1. Searching for value
The effects of inflation have caused more consumers to search for value, causing many to switch to discount retailers and own-brand products, which are typically perceived as offering value. Some of the comparative sales increases over Christmas were due to rising prices and thus while spending is up in total, the number of items bought is not.
2. Shop local
The impact of the pandemic, combined with recent transport and postal service strikes have caused a switch to local spending. When pandemic restrictions were in effect, people explored their local areas and used local and independent retailers, something that has continued with working from home. Difficulties accessing some larger towns and cities by public transport and uncertainty over postal deliveries due to strikes has increased the importance of shopping local.
Figures for December show the highest footfall since the pandemic, with a notable bounce on high streets. Online retailing may have had a weaker Christmas boost than previous years because consumers wanted to visit stores, were uncertain about delivery and wanted to shop around for the best bargains.
3. Buying with credit
There is some evidence that people used credit cards and savings to ensure a good Christmas. The slowdown in the housing market, and the desire to reward ourselves during the first Christmas without pandemic restrictions for three years, combined to encourage those who could to make the effort to spend.
With all this changing consumer behaviour, well-run retail businesses that manage their product offerings, supply chains and stock levels to hit the above “sweet spots” for consumer demand did well during Christmas 2022. Those who were less effective or perceived to be less consumer focused, suffered.

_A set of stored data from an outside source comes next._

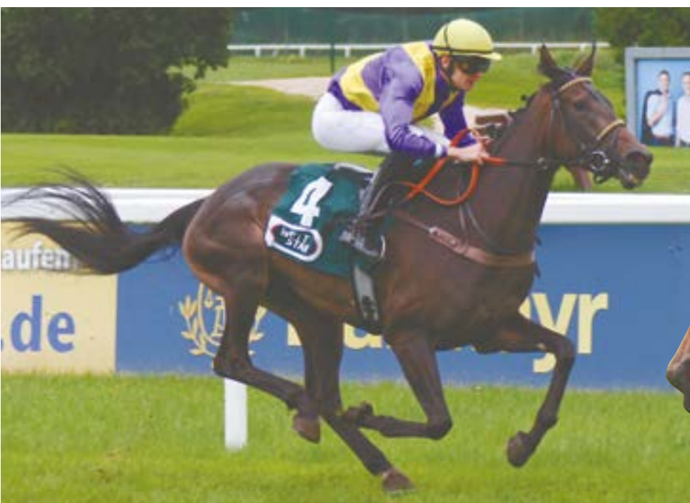
Zamnesia hatte einen erfolgreichen Ausflug an die Côte d'Azur
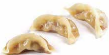
30. GYOZA € 4.00 (ravioli di carne)
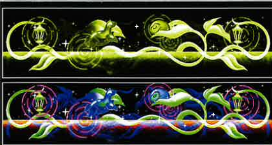
The Fox, The Folks "HORIZON TAIL"
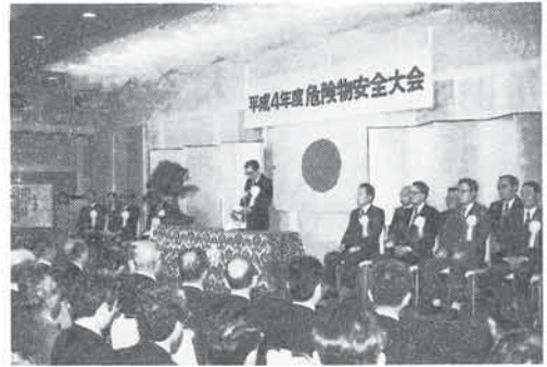
浅野消防庁長官の式辞
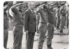
מפקדי היחידה בעבר
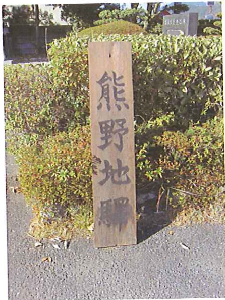
実際に使われていた木製看板
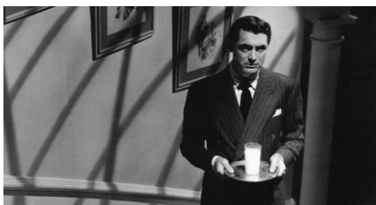
Cary Grant en Sospecha (1941) de Alfred Hitchcock

En la confianza vivimos un abandono, un dejar hacer. Si confiamos en una persona, tenemos la certidumbre de que su hacer nos beneficiará o de que no nos dañará, de que obrará con acierto. No podemos controlarlo todo y en la confianza nos dejamos aconsejar, guiar. Pero en la sospecha se generan actitudes opuestas. No podemos dejar hacer, no nos podemos abandonar . Al contrario: como decíamos, se impone una actitud de vigilancia, y no queremos que nos hagan ningún favor. Si sospechamos, en sentido fuerte, estamos sospechando de las malas intenciones y creemos que su acción nos perjudicará, lo contrario a lo que vivimos en la confianza.
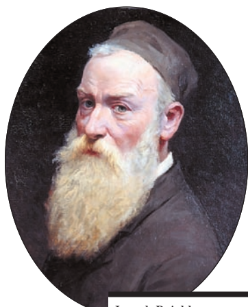
Joseph Reichlen, Autoportrait , huile sur toile, vers 1900/10.

But there is also a clear and growing disparity among consumers. There is no doubt that, for many, last Christmas was a good one. But at the same time record numbers of people are in food and fuel poverty, and large numbers are really struggling to cover basics, with consequent effects on health and wellbeing.
A uneven ride ahead
And so, while more positive than expected figures many retailers should be welcomed, they probably mask future problems. Even in its upbeat Christmas results, Next pointed to possible price rises in the coming months and concerns about affordability, as has M&S previously. Sainsbury’s, Greggs and Tesco are among retailers that have recently increased shopfloor wage rates, reflecting a tight labour market but also reacting to the cost of living struggles of their staff.

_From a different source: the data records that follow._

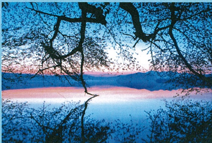
環境大臣賞作品 「ブルーの世界」 相内 悦子

〈問い合わせ〉十和田湖国立公園協会写真コンテスト係 TEL0176-75-2425 ホームページ http://www.towadako.or.jp/
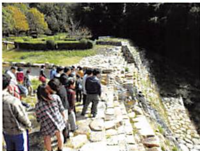
— 都市経営学部 —

「キャンパスは街、学ぶのは未来」の標語のとおり、学生は、学校や保育所、企業などを通じて市民の皆様温かく迎えられ、以下の大学の使命のもとに、地域社会の現実から積極的に学んでいます。会員のお孫さんや知り合いの方などに
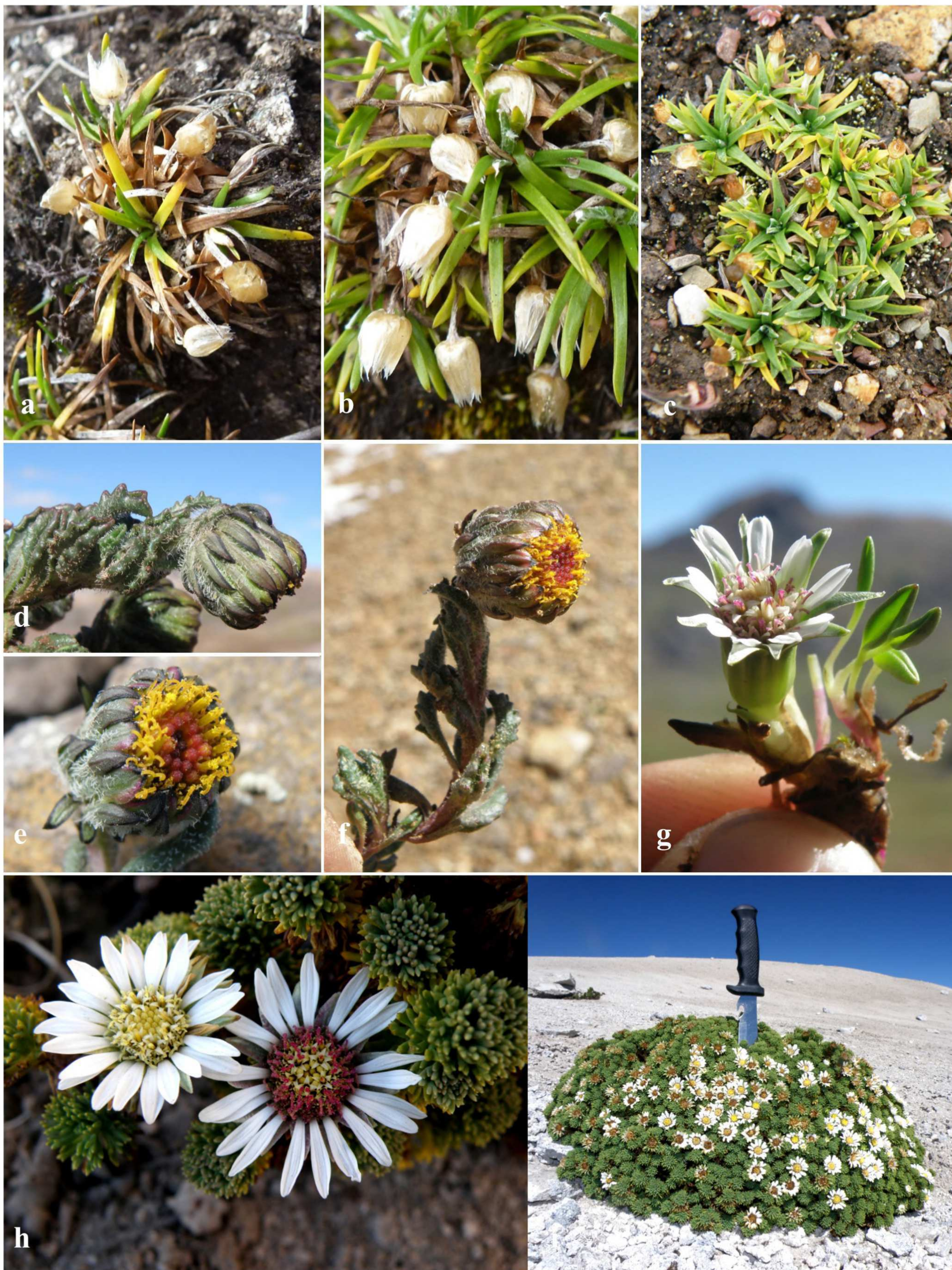
Fig. 1. Nuevos registros de Asteraceae. (a–b) Hábito de Jalcophila boliviensis Anderb. & S. E. Freire; (c) Hábito de Jalcophila ecuadorensis M. O. Dillon & Sagást.; (d–f) Rama florífera de Senecio aquilaris Cabrera; (g) Werneria spathulata Wedd., (h) Rama florífera y (i) hábito de Xenophyllum pseudodigitatum (Rockh.).

Among these economic headwinds, however, there are indications that inflation should decline in 2023 and that energy prices may not rise as fast as predicted, or could even fall. The UK may also see an end to recent interest rate rises during this year.
In January 2022, the economy looked fairly stable, but got worse very quickly. Now in January 2023 the hope is that things will improve faster than anticipated. Any gains will be hard won. As the economy continues to adjust to the effects of COVID and Brexit, while also absorbing the cost of living crisis, further change in 2023 will not be spread evenly across all retailers, nor all shoppers.